ABX464 has a particular mechanism of action in HIV that is two-fold. Viral DNA integrated into infected cells codes for viral proteins that the cell is “tricked” into producing during translation. ABX464 is believed to inhibit a protein that is necessary for the shuttling of certain viral proteins out of the nucleus, thus preventing viruses from being reproduced within infected cells. ABX464 also induces splicing of certain sequences of viral RNA, the molecular products of which signal the immune system to attack the cells which are infected, according to the spokesperson.
Abivax believes the drug can offer a functional cure for HIV by way of this mechanism. That means the virus can be controlled without the need for ART, and not a complete eradication. Abivax is now preparing for Phase 2b trials of ABX464 in HIV.
Latency reversal agents
Clearly, a cure for the infection can be possible only by fully eliminating the virus from its reservoirs. Latent proviruses, which are competent to replicate, continue to persist in virally suppressed individuals on ART. Researchers are working on strategies to target these latently infected cells and allow immune recognition and the clearance of this reservoir.
Vorinostat is one such pharmacologic agent being evaluated in different studies to reactivate the latent reservoir so that infected cells can be recognized and targeted. A histone deacetylase inhibitor, vorinostat is currently approved by USFDA for the treatment of cutaneous T cell lymphoma.
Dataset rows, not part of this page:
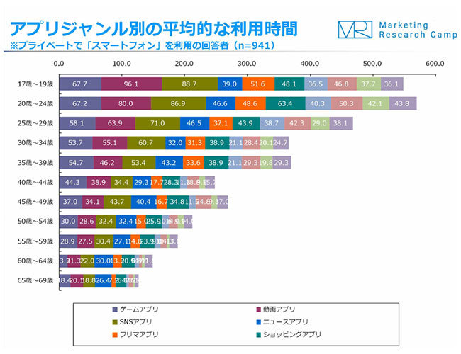 10代に1日平均のスマホアプリ利用時間をジャンルごとに聞いたところ、「動画アプリ」が最も長く平均96.1分、次いで「SNSアプリ」が88.7分、「ゲームアプリ」が67.7分という。男女別では、男性が「動画アプリ」で106.3分と最も長く、女性が「SNSアプリ」で101.5分とのことだ。
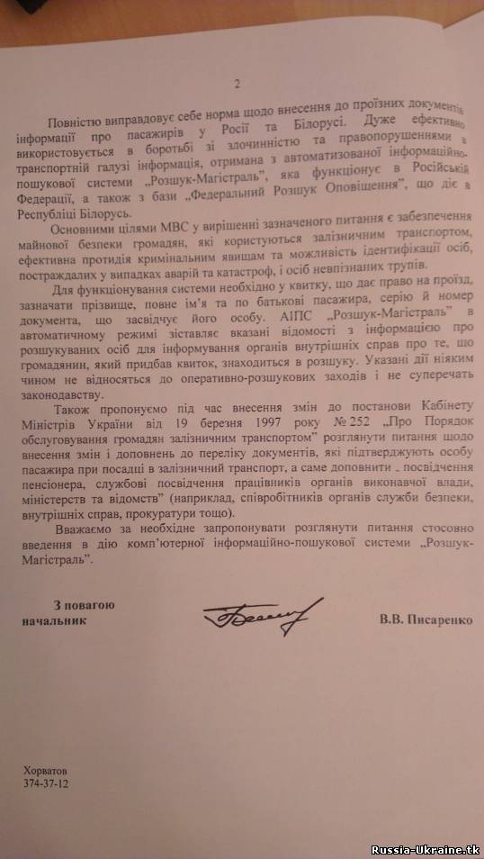 | Министерство внутренних дел Украины настойчиво предлагает Укрзалізниці вносить в билет пассажира кроме ФИО еще паспортные данные. С таким письмом обратился к этому государственному предприятию Начальник департамента транспортной милиции.
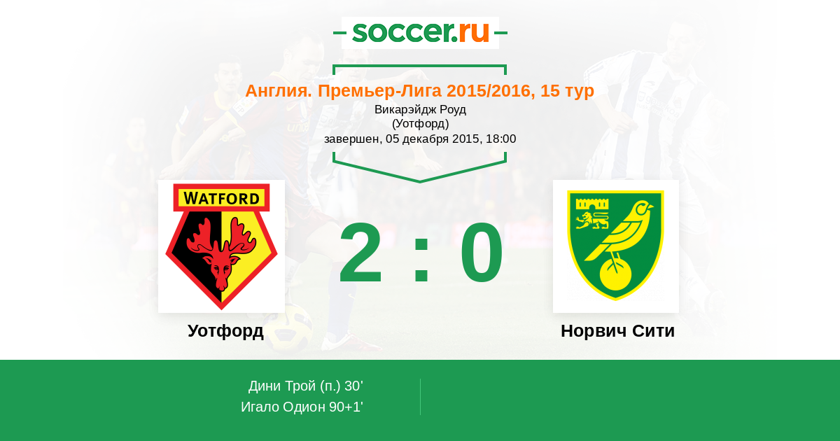Уотфорд - Норвич Сити: обзор матча 5 декабря 2015
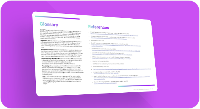 Glossary References ChatGPT is a generative AI chatbot interface built on top of OpenAI’s GPT-3.5 1. ChatGPT sets record for fastest-growing user base - analyst note, Reuters, February 2023 large language model (see below). ChatGPT (and ChatGPT plus, which uses https://www.reuters.com/technology/chatgpt-sets-record-fastest-growing-user-base-analyst-note-2023-02-01/ GPT-4) allows users to interact with the underlying AI in a way that seems 2. The Next Big Breakthrough in AI Will Be Around Language, Harvard Business Review, September, 2020 remarkably accurate and feels surprisingly human. You can ask it to explain https://hbr.org/2020/09/the-next-big-breakthrough-in-ai-will-be-around-language a subject, write an essay, run a calculation, generate some Python code, or simply have a conversation. 3. Accenture Tech Vision 2023 Generative AI is the umbrella term for the ground-breaking form of creative 4. ChatGPT Is Coming to a Customer Service Chatbot Near You, Forbes, January 2023 artificial intelligence that can produce original content on demand. Rather https://www.forbes.com/sites/rashishrivastava/2023/01/09/chatgpt-is-coming-to-a-customer-service-chatbot-near- than simply analyzing or classifying existing data, generative AI is able to you/?sh=730eeab97eca create something entirely new, whether text, images, audio, synthetic data, or more. 5. How AI Transforms Social Media, Forbes, March 2023 Foundation models are complex machine learning systems trained on vast https://www.forbes.com/sites/forbestechcouncil/2023/03/16/how-ai-transforms-social-media/?sh=739221ca1f30 quantities of data (text, images, audio, or a mix of data types) on a massive 6. Large AI Models have Real Security Benefits, Dark Reading, August, 2022 scale. The power of these systems lies not only in their size but also in the fact https://www.darkreading.com/dr-tech/large-language-ai-models-have-real-security-benefits they can quickly be adapted or fine-tuned for a wide range of downstream tasks. Examples of foundation models include BERT, DALL-E, and GPT-4. 7. OPWNAI: Cybercriminals starting to use ChatGPT, Checkpoint Research, January, 2023 Large Language Models (LLMs) represent a subset of foundation models https://research.checkpoint.com/2023/opwnai-cybercriminals-starting-to-use-chatgpt/ that are trained specifically on text sources. GPT-3, for instance, was trained 8. Accenture Technology Vision 2023 14 on almost 500 billion words from millions of websites. Its successor, GPT-4, can take image as well as text as inputs. 9. CXO Pulse Survey, conducted by Accenture Research, February 2023 Fine-tuning is the process by which foundation models are adapted for 10. Accenture Technology Vision 2023 specific downstream tasks using a particular dataset. That can include everything from the hyper-specific (training a model to compose emails 11. The Productivity J-Curve: How Intangibles Complement General Purpose Technologies - American Economic Association (aeaweb.org) based on your personal writing style) to the enterprise level (training an LLM on enterprise data to transform a company’s ability to access and analyze its 12. Uniting technology and sustainability, Accenture, May, 2022 core intelligence). Technology Sustainability Key to ESG Goals | Accenture Data is the fundamental bedrock of generative AI. Not only in training 13. Pace Of Artificial Intelligence Investments Slows, But AI Is Still Hotter Than Ever, Forbes, October, 2022 foundation models themselves, but also in fine-tuning those models to https://www.forbes.com//sites/joemckendrick/2022/10/15/pace-of-artificial-intelligence-investments-slows-but-ai-is-still-hotter-than- perform specific tasks. In an enterprise context, examples might include ever/?sh=853d8124c76c everything from legacy code to real-time operational data to customer insights. 14. OpenAI’s GPT-3 Language Model: A Technical Overview, Lambda, June, 2020 https://lambdalabs.com/blog/demystifying-gpt-3 A new era of generative AI for everyone | 21
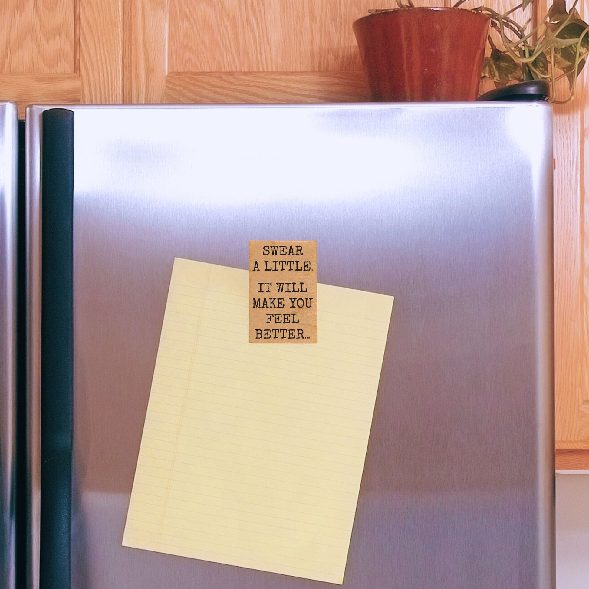 Swear A Little It Will Make You Feel Better Wood Magnet | Funny Quote Fridge Magnet | Wood Refrigerator Magnet Gift
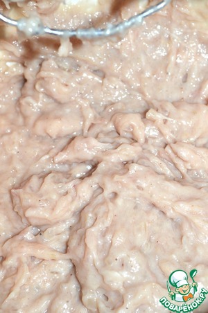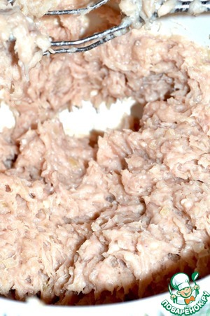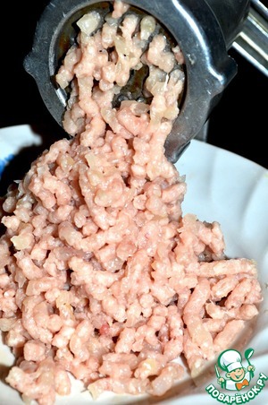 Два раза пропустить через мясорубку свинину, куриное филе и лук.
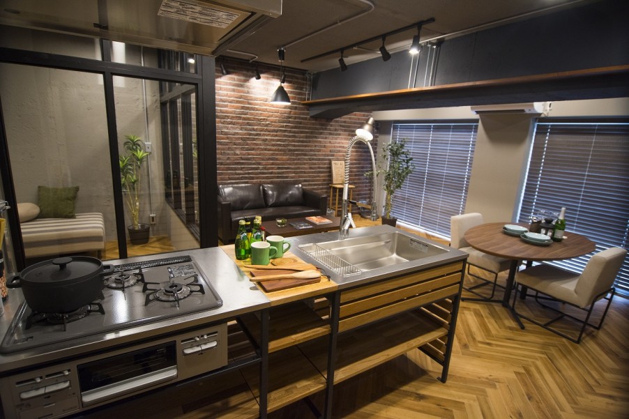 モルタルの壁と合わせて男前な印象にしました。

The efficacy of vorinostat is being tested in various clinical settings, including in conjunction with ART agents as well as with immunotherapy.
The ongoing RIVER trial explores whether a combination of a four-drug ART regimen that includes raltegravir, two anti-HIV vaccines and ten doses of vorinostat can effectively reduce latent HIV in resting CD4 cells in participants with newly diagnosed HIV.
VORVAX, a Phase I/IIa study, is looking at the effect of a combination of vorinostat and AGS-004 on latent HIV. AGS-004 is an investigational HIV immunotherapy designed to boost the immune system’s response to reactivated latent HIV. \
Another Phase I study is evaluating vorinostat in combination with an HIV-1 antigen- expanded specific T-cell therapy on reactivated latent HIV in adults whose HIV is well controlled by ART.